Co-worker is (frankly) addicted to Coke, so I shared this post -- she'll see it Monday.

I have always thought that "soda" is a West Coast term and "pop" is southern/east coast.

Not that I drink soda/pop other than 7-up if my stomach's upset :)

Posted by: Mary at October 5, 2006 07:03 PM

A second fridge for leftovers?? Brilliant!
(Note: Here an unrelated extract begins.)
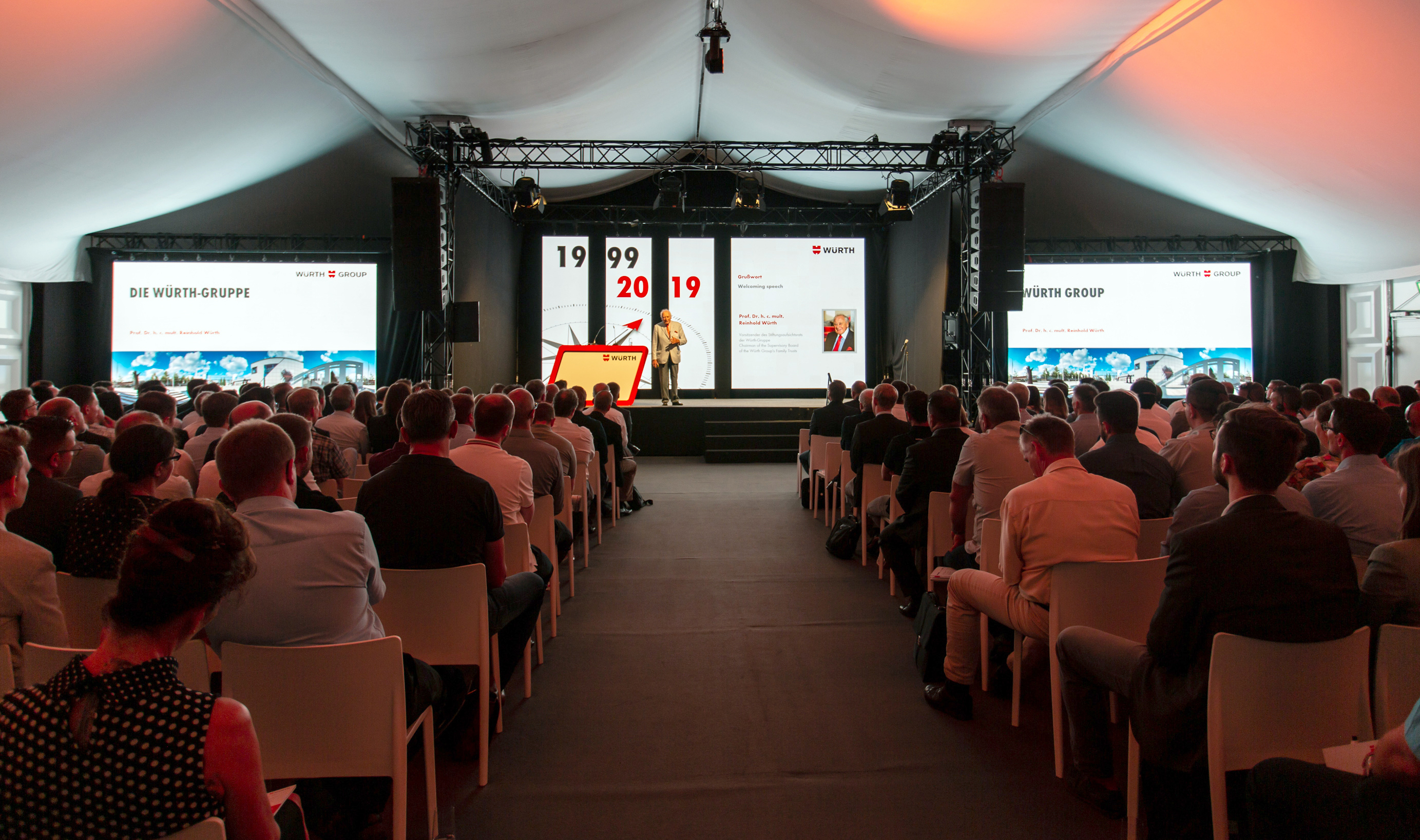 Fachforum C-Teile-Management mit 500 Teilnehmerinnen und Teilnehmern im Industriepark Würth – Prof. Dr. h.c. mult. Reinhold Würth gibt in seinem Vortrag Einblick in die Würth-Gruppe
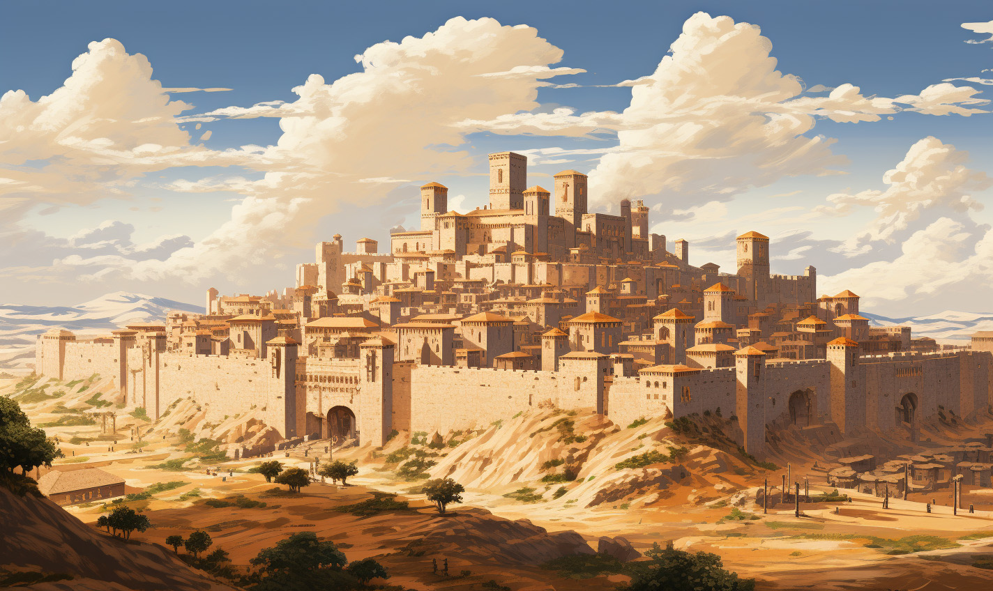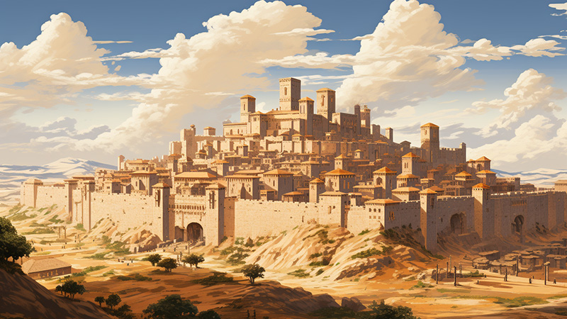 Due to its location at the edge of the empire, its history of resistance to imperial encroachment and its proximity to dangerous mountains and forests, this city is very well fortified with crenellated walls, high guard towers and strong gates.

I always thought 'pop' is midwest and 'soda' is both coasts and the south, though I've heard at least one southerner refer to all pop/soda as 'coke' regardless of the brand. Is that true for all southerners? I'm curious....

Posted by: AuntJone at October 6, 2006 06:09 AM

As a southerner, it is very true "Coke" is the proper term covering any carbonated beverage in a can. "Pop" is something Yankees say, bless their hearts.

Example:

Q: "You want a coke with lunch?"
A: "Yep."
Q: "What kind?"
A: "Dr. Pepper."

Posted by: Miche at October 6, 2006 06:16 AM

Miche is right on track with us Southern types! At my house, The Man says things like "mistakes were made," when he wants to cover up something or get out of the dog house. : )

Posted by: Mary at October 6, 2006 02:43 PM

Actually, it depends where in the US. Here in Kansas City, it's "pop", but over in St. Louis, it's "soda". Go figure.

Posted by: rach at October 6, 2006 06:18 PM

I too have a crippling addiction to coke. I'm slowly (very slowly) weaning myself off of it.

I'm from Canada, but have lived in the south (North Carolina) and north-east (New Hampshire). I call it pop. My husband, from NH, calls it Soda and never even heard of "pop" before he met me. (Or "serviette" for that matter). When I lived in the south, they really did all call it "coke" no matter what. Confused the heck out of me for a looong time.

Posted by: Jenn at October 7, 2006 06:46 PM

That's hilarious but I live in California and everyone I know calls it " soda". I've never heard anyone call it "pop" except in the movies.

Posted by: Tiffany at October 8, 2006 03:55 PM

Hmmm... males ARE all the same.

Oh, and would it make you envious that my mother has three fridges AND a large stand up freezer in her house?